Cell Cycle & Meiosis Review
1. Identify and briefly explain the five phases of mitosis.
Prophase: Nuclear envelope breaks down, cytoskeleton disassembles, chromosomes condense to become visible, microtubules (formally part of the cytoskeleton) begin to form on centrosomes, creating mitotic spindle.
Prometaphase: Proteins form around centromere to create kinetochores (two per chromosome), mitotic spindle extends and some connect to kinetochores.
Metaphase: Spindles push/pull all chromosomes to the middle of the cell, form metaphase plate.
Anaphase: Sister chromatids are torn apart at the centromere by shortening spindles.
Telophase: Nuclear envelope reforms on either side of cell, chromosomes unwind, mitotic spindle disassembles, cytoskeleton begins to reform.
2. If microtubules were unable to attach to reform after breaking down the cytoskeleton, what effect would this have on mitosis?
The cell would be unable to create the mitotic spindles, hence the chromosomes will be unable to be moved or torn apart.
3. What does 2n or n signify?
2n means the cell is diploid (has two versions of each chromosome, one from each parent), n means the cell is haploid (one version of each chromosome). Cell is likely a gamete.
4. Compare the chromosome number in after mitosis, compared to meiosis.
Chromosome number is still diploid after mitosis (46 in the case of humans), haploid after meiosis (23 in humans).
5. What is a tetrad? How does this make mitosis different than meiosis?
A tetrad is two homologous chromosomes paired up. Synapsis (crossing over) can take place now. This happens in meiosis, but not mitosis.
6. Label which phase of meiosis each cell below should be in, and explain why:
A B C
A
– Anaphase II. Sister chromatids are separating, but each chromatid is unique.
B – Metaphase I – Metaphase plate is made of tetrads.
C – Telophase I – Nuclei are reforming, containing full chromosomes (sister chromatids have not separated).
7. Using a diagram, explain why it is worse to have non-disjunction during meiosis I than meiosis II.
If non-disjunction happens in meiosis I, all four gametes will be aneuploidic (have the wrong number of chromosomes). If it takes place in meiosis II, only 2 of the 4 will be affected.
8. Explain the role of checkpoints in our cells.
Checkpoints ( the term for the collective group of cyclins) ensure that a cell is properly prepared before entering a new phase of the cell cycle.
9. Why don’t tumour cells just die after a certain amount of divisions?
They have an enzyme which is designed to extend their DNA, recovering the amount that was lost during S phase.
10. Why would each of the chromosomes in your sex cells have a piece of your mother’s DNA and your father’s DNA?
Because of the crossing over process that occurs during prophase I.
11. What role do kinetochores play? How do they work?
Kinetochores form on both sides of a centromere (so there are two per chromosome).
They are a group of proteins that act as an attachment site for the growing microtubules of the mitotic spindle.
12. What is the difference between homologous chromosomes and sister chromatids?

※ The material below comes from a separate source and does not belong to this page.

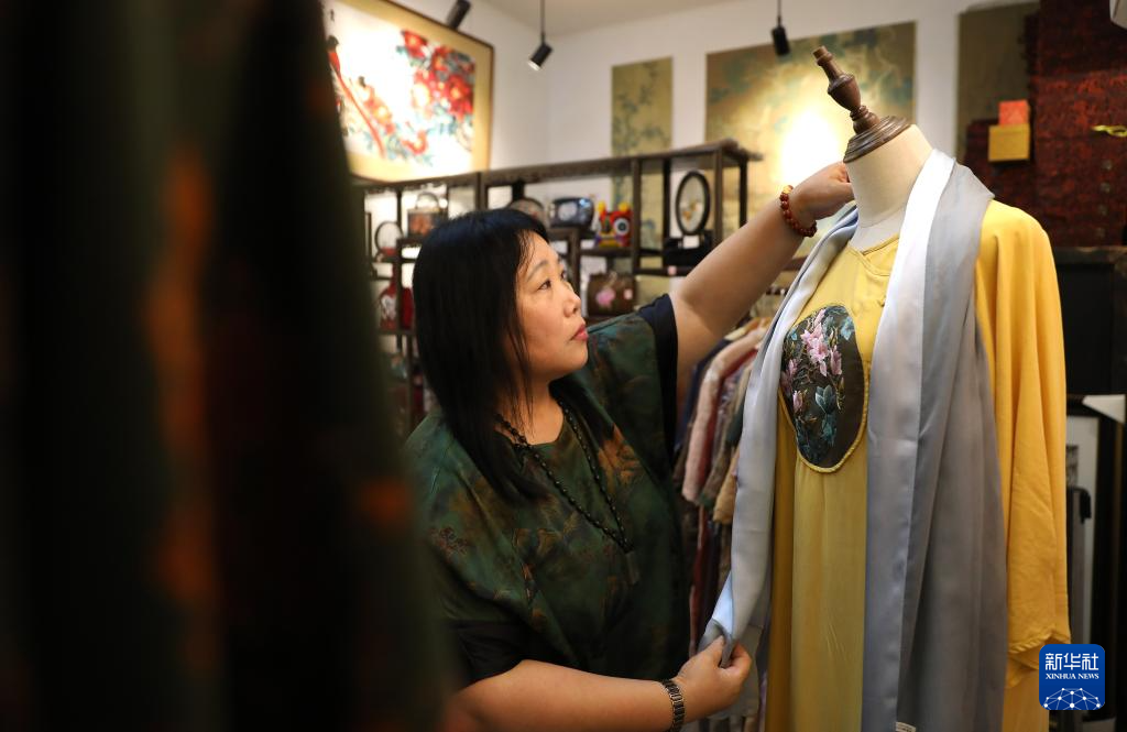 7月5日,王立君在位于辽宁省营口市辽河老街上的工作室里为一件民族服饰加上刺绣。

Homologous chromosomes are the two different versions of the same chromosome.
Sister chromatids are exact copies of the same chromosome.
13. Why is chemotherapy so hard on the patient?
Antineoplastic drugs target any rapidly dividing cells, not just cancer cells. This includes cells such as those lining hair follicles, epithelial cells, bone marrow (for red and white blood cells), and sperm cell precursors in men.
14. Describe when radiation therapy should be used.
Although it can be desirable to physically remove a tumour as a cancer treatment, the tumours can often be found in areas which are hard to access safely, such as deep within the brain. In these cases, radiation can be a viable alternative.
15. What is the difference between density-dependant inhibition and anchorage dependence?
DDI is a cell control mechanism where healthy cells will not divide while surrounded by other cells. AD is another control mechanism where cells will only divide when attached to a solid surface, known as a substratum.